-- WORK TASK --
Leave out the pictures and retype, exactly, the lines below from the line with "3.根据要求填写家长联系方式" up to and including the line with "The Toot-Toot Drivers", nothing more.

-- DATA TO EXAMINE --
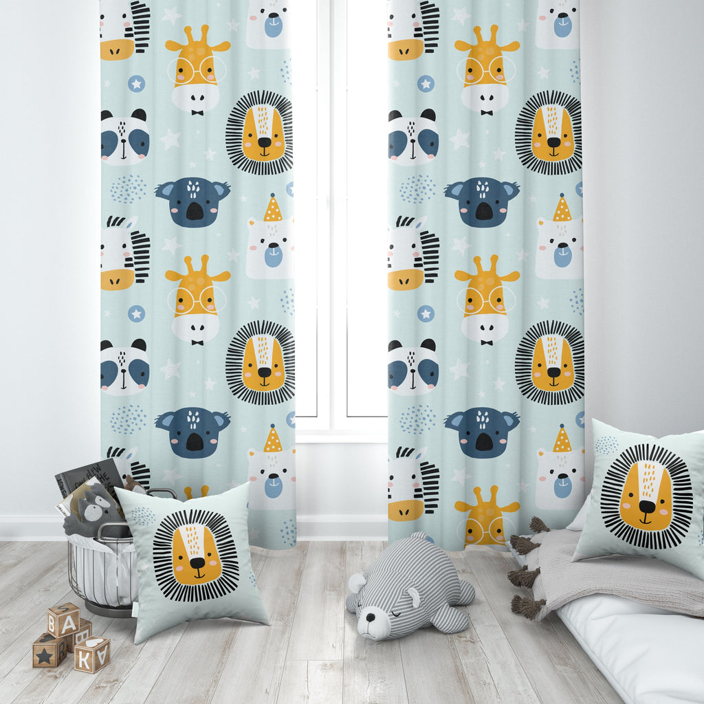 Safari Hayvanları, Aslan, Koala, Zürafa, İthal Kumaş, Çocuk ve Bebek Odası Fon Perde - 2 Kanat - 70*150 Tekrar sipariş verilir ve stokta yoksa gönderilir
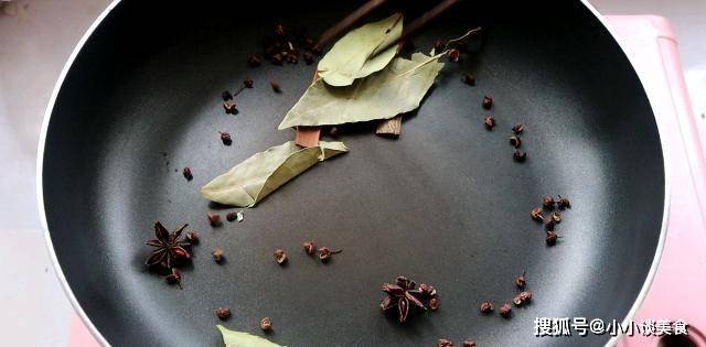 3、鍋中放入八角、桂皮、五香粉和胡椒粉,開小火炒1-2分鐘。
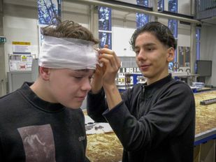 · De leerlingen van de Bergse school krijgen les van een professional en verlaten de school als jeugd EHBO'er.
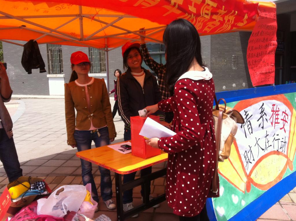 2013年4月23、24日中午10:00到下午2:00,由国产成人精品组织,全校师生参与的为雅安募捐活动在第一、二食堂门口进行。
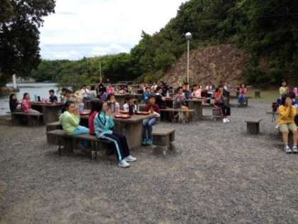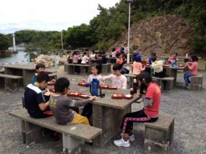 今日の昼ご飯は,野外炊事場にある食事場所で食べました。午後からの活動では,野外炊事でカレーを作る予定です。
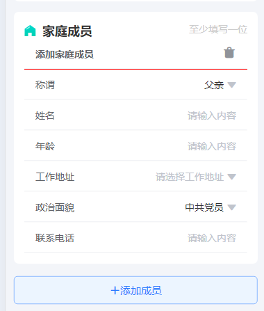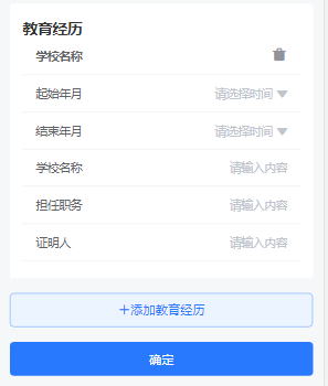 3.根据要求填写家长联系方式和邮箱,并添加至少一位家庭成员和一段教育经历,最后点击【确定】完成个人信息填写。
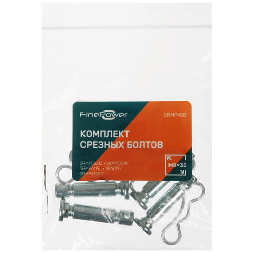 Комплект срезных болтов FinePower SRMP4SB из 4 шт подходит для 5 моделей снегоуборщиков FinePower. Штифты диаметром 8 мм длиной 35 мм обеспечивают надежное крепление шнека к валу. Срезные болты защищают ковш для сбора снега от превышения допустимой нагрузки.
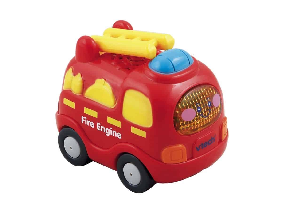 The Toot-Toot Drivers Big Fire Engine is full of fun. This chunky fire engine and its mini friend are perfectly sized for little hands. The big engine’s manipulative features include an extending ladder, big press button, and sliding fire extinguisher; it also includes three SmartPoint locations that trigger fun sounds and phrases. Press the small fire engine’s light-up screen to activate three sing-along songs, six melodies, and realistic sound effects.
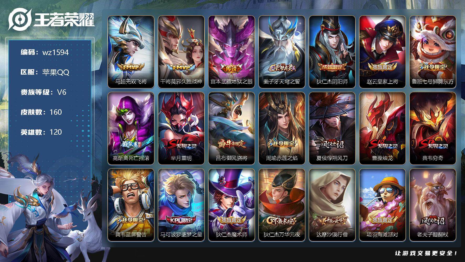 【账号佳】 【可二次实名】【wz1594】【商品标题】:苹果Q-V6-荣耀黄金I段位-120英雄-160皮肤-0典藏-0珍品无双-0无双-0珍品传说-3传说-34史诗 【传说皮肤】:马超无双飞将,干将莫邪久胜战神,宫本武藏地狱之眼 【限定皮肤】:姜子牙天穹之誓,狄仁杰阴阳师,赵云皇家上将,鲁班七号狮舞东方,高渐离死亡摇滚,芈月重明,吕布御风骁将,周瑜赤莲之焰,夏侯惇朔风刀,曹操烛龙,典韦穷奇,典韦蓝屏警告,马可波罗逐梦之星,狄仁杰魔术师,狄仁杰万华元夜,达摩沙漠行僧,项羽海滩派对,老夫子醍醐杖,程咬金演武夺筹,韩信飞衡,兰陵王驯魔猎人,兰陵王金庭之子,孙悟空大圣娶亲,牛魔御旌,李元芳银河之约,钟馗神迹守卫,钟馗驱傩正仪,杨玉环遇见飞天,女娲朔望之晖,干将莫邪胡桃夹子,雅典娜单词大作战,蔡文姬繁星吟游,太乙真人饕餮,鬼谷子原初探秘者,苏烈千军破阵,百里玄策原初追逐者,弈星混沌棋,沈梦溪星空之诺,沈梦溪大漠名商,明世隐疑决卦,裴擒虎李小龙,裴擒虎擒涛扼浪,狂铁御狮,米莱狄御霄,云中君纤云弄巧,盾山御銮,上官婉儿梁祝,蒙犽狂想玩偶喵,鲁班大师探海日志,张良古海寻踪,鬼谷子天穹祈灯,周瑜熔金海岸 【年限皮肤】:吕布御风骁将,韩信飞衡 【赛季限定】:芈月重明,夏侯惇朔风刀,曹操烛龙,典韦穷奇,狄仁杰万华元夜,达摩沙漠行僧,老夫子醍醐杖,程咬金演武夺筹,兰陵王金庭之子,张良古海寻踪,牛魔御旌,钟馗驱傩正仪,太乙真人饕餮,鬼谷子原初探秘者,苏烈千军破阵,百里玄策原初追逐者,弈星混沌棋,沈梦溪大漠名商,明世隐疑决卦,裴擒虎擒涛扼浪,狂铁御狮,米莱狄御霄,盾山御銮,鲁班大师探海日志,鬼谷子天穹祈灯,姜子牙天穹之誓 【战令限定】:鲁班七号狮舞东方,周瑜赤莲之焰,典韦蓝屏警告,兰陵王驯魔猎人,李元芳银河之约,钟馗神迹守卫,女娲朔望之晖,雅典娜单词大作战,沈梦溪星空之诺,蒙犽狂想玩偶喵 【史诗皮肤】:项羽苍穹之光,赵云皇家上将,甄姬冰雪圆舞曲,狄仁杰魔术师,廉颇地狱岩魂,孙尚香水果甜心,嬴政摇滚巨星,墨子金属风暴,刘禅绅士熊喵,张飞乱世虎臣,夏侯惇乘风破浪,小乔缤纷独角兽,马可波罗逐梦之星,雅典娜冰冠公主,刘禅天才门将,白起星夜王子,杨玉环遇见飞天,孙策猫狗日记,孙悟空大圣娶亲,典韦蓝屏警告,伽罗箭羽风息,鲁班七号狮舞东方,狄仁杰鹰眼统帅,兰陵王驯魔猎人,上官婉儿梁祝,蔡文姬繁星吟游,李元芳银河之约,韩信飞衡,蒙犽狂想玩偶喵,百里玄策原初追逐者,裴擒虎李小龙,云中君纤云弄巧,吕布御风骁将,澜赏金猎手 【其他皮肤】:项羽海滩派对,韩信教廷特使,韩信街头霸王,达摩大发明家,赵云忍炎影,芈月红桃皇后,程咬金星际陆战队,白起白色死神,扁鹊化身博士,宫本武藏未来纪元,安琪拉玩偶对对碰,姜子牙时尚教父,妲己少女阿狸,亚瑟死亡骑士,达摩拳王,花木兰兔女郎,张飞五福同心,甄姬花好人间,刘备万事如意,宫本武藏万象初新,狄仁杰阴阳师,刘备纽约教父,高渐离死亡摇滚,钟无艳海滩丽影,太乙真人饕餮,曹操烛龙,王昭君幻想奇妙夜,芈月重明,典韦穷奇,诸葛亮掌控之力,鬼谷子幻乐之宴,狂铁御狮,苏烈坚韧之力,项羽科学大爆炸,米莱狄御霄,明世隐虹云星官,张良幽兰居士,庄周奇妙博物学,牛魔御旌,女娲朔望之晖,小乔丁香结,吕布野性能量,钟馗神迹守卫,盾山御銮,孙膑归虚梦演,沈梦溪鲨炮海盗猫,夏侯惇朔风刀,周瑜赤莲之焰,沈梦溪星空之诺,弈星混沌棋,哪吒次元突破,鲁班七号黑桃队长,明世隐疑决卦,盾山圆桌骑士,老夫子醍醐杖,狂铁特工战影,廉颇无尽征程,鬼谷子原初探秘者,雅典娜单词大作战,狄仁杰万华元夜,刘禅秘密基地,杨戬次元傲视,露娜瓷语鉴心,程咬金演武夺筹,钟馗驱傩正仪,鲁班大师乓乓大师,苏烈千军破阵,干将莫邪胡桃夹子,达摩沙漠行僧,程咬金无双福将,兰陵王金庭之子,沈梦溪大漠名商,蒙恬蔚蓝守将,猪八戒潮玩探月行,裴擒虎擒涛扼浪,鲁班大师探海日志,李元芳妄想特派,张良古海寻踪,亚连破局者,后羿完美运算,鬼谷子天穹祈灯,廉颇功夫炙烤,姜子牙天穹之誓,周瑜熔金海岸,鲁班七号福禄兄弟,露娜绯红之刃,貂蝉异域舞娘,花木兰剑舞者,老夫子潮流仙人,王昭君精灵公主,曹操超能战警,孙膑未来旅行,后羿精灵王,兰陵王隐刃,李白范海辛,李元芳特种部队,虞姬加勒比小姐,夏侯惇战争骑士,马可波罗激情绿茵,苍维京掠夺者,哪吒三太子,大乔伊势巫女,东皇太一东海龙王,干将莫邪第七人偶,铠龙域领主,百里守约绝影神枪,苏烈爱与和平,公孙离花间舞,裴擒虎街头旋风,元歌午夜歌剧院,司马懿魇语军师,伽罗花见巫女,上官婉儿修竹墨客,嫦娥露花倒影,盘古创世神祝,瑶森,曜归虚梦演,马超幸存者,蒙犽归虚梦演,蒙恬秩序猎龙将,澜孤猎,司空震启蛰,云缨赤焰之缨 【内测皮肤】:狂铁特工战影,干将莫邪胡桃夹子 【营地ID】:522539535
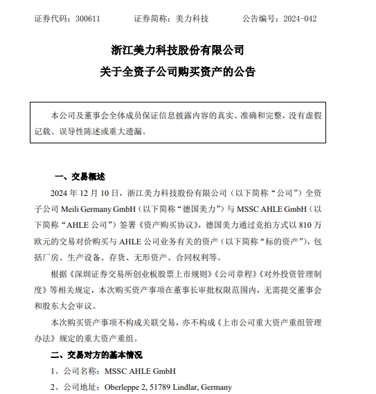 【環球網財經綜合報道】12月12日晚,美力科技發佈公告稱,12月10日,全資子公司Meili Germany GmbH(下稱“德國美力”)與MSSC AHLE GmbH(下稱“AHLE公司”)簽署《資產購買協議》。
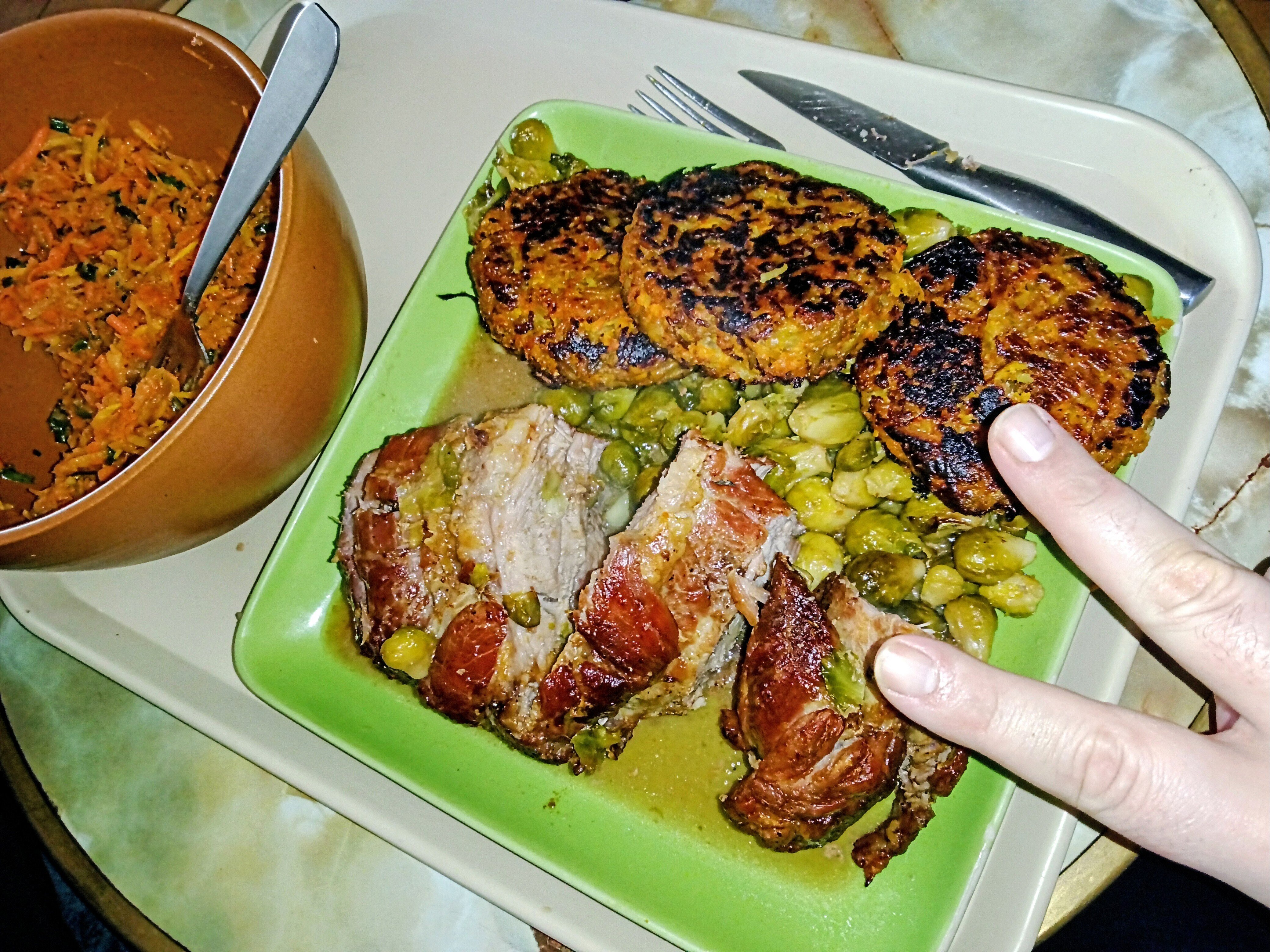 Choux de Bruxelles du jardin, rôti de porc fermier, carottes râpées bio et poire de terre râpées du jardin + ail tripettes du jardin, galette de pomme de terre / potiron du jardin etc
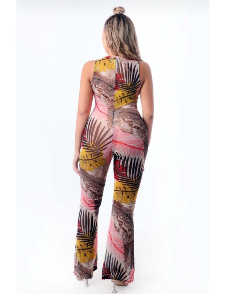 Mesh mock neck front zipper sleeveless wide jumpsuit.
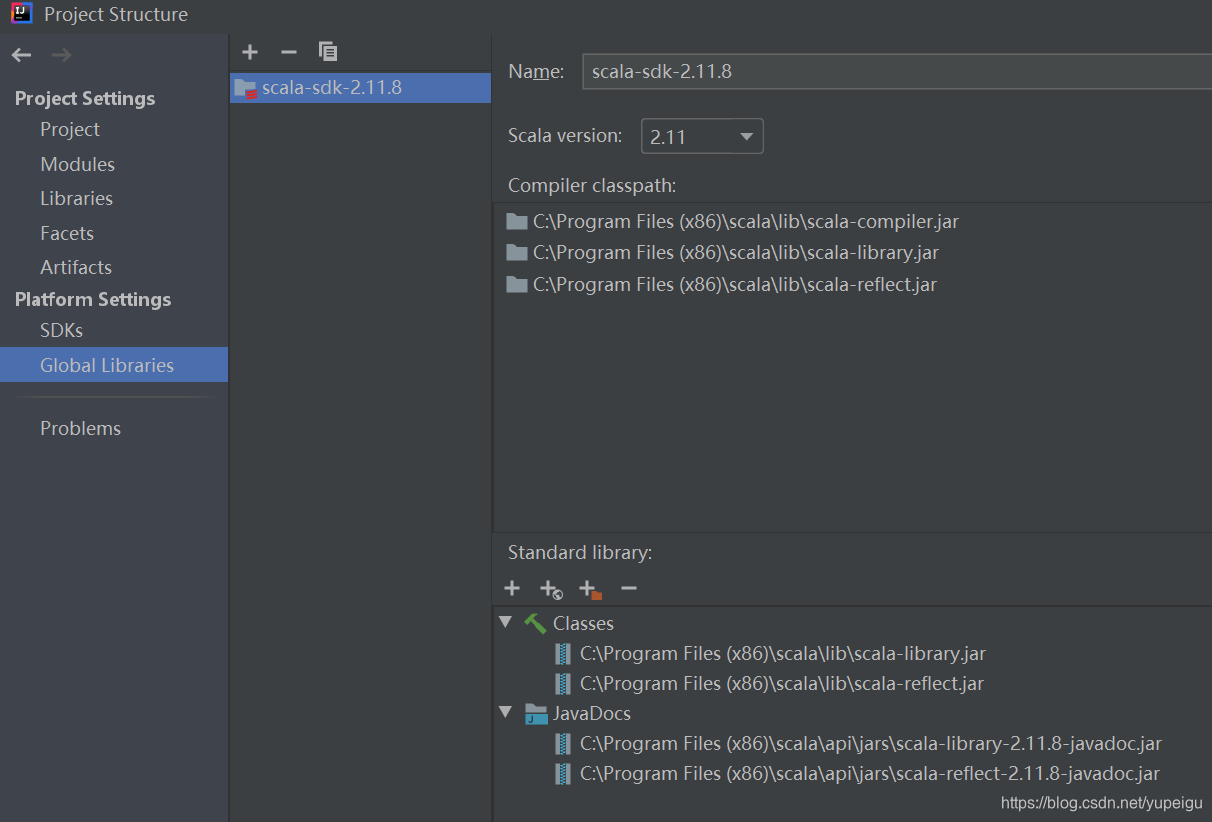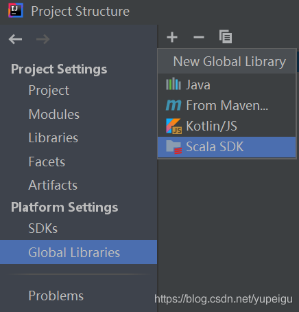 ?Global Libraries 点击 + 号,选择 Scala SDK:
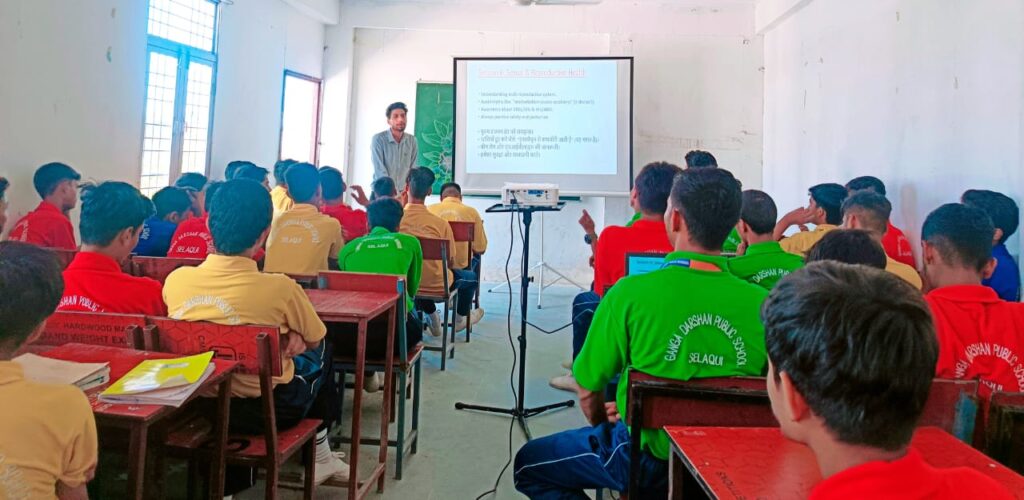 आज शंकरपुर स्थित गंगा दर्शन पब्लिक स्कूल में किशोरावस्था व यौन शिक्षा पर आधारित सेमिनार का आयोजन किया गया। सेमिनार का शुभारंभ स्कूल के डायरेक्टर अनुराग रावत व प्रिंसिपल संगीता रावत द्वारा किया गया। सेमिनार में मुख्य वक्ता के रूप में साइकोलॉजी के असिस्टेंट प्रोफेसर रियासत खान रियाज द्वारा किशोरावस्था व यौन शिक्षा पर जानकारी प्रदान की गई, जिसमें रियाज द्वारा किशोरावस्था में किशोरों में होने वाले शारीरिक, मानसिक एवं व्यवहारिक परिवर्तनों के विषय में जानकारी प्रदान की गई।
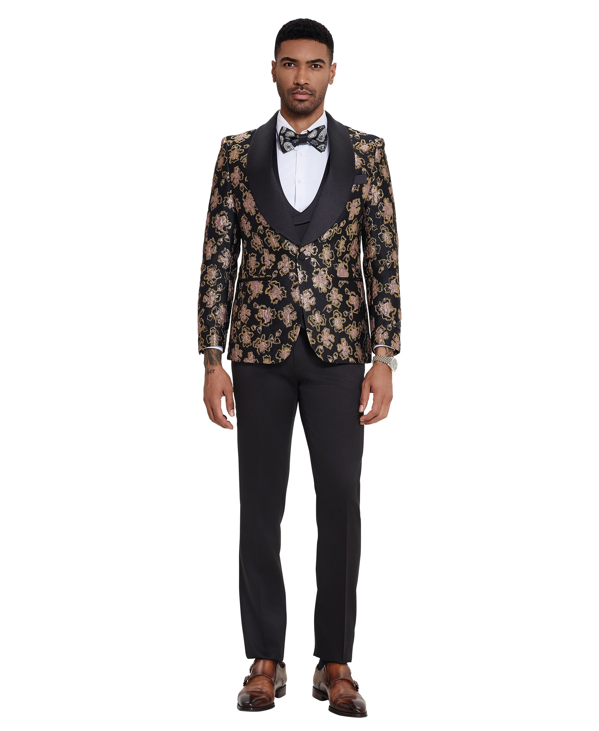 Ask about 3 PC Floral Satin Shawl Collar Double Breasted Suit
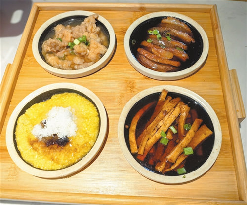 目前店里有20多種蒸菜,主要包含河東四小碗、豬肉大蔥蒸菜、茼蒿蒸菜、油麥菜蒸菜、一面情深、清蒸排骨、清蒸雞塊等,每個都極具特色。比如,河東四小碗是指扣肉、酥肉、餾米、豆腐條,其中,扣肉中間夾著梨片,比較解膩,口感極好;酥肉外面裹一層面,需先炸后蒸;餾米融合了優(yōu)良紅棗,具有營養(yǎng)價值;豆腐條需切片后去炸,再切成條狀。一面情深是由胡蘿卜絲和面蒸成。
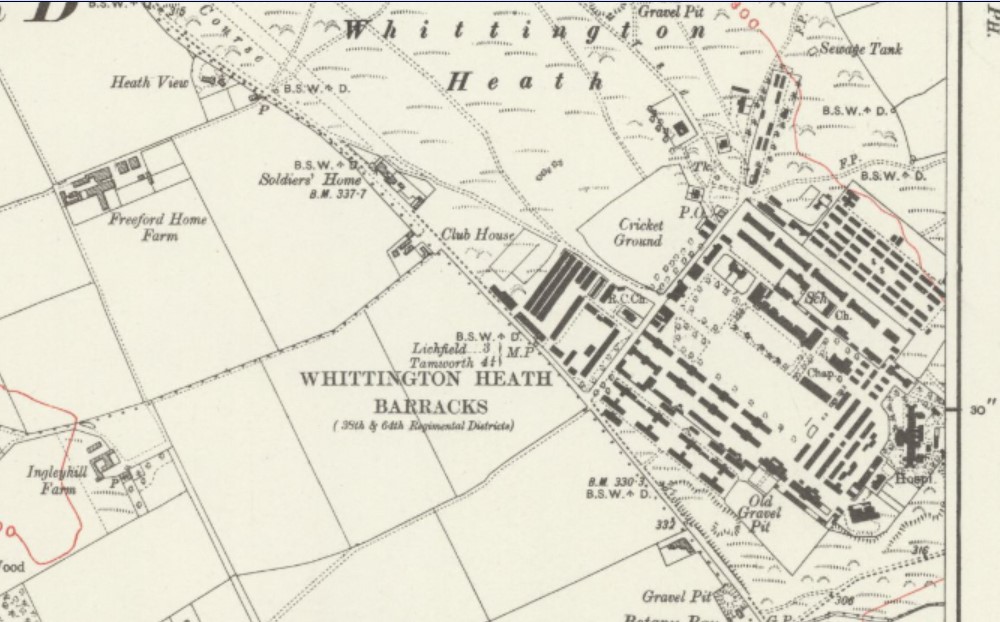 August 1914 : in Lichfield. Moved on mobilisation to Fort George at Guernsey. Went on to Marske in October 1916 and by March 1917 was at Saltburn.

-- SOLUTION FOR THIS TASK --
 3.根据要求填写家长联系方式和邮箱,并添加至少一位家庭成员和一段教育经历,最后点击【确定】完成个人信息填写。
 Комплект срезных болтов FinePower SRMP4SB из 4 шт подходит для 5 моделей снегоуборщиков FinePower. Штифты диаметром 8 мм длиной 35 мм обеспечивают надежное крепление шнека к валу. Срезные болты защищают ковш для сбора снега от превышения допустимой нагрузки.
 The Toot-Toot Drivers Big Fire Engine is full of fun. This chunky fire engine and its mini friend are perfectly sized for little hands. The big engine’s manipulative features include an extending ladder, big press button, and sliding fire extinguisher; it also includes three SmartPoint locations that trigger fun sounds and phrases. Press the small fire engine’s light-up screen to activate three sing-along songs, six melodies, and realistic sound effects.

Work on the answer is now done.